As workers we produce commodities - goods, services, technologies, art, information and infrastructures, all those things, material and immaterial, which make up our societies. A small portion of the value we create is returned to us in the form wages and services from the state and in turn we use these to get the things we need to survive. A larger portion of the value we create is taken from us. This expropriated wealth is reinvested by capital in order to grow its productive resources, expand its markets and impose its system of exploitation upon greater numbers of people.
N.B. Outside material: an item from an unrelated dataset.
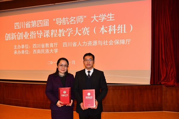 在11月8-11日举行的四川省第四届“导航名师”大学生创新创业指导课程教学大赛(本科组)中,我校经济管理学院郑小强老师和创新创业学院李婕老师分获一、二等奖,并各自获得一万元和六千元奖金。这是我校在历届“导航名师”比赛中取得的最好成绩,也是本届比赛唯一同时收获一、二等奖的学校。

Capital imposes a class relation whereby the interests of workers (whether employed or unemployed) are pitted against those of capital. As workers we struggle to work less for more money while capital drives us to work longer and harder for less pay and time off. This class struggle is always present but is not always visible. However, when workers enter into open conflict with capital through strikes, occupations, riots, and when we self-organize through workers’ councils, neighborhood assemblies and the like, the opposing class interests lay themselves bare. In these situations capital will take whatever measures it must to defeat the self-organized working class and to re-impose its system of class exploitation, often by offering the carrot (concessions, reforms) or the stick (violent repression). However, in this period of austerity, where the concessions of yesterday are being put to the axe, to expect dangling carrots instead of baton blows is simply delusional.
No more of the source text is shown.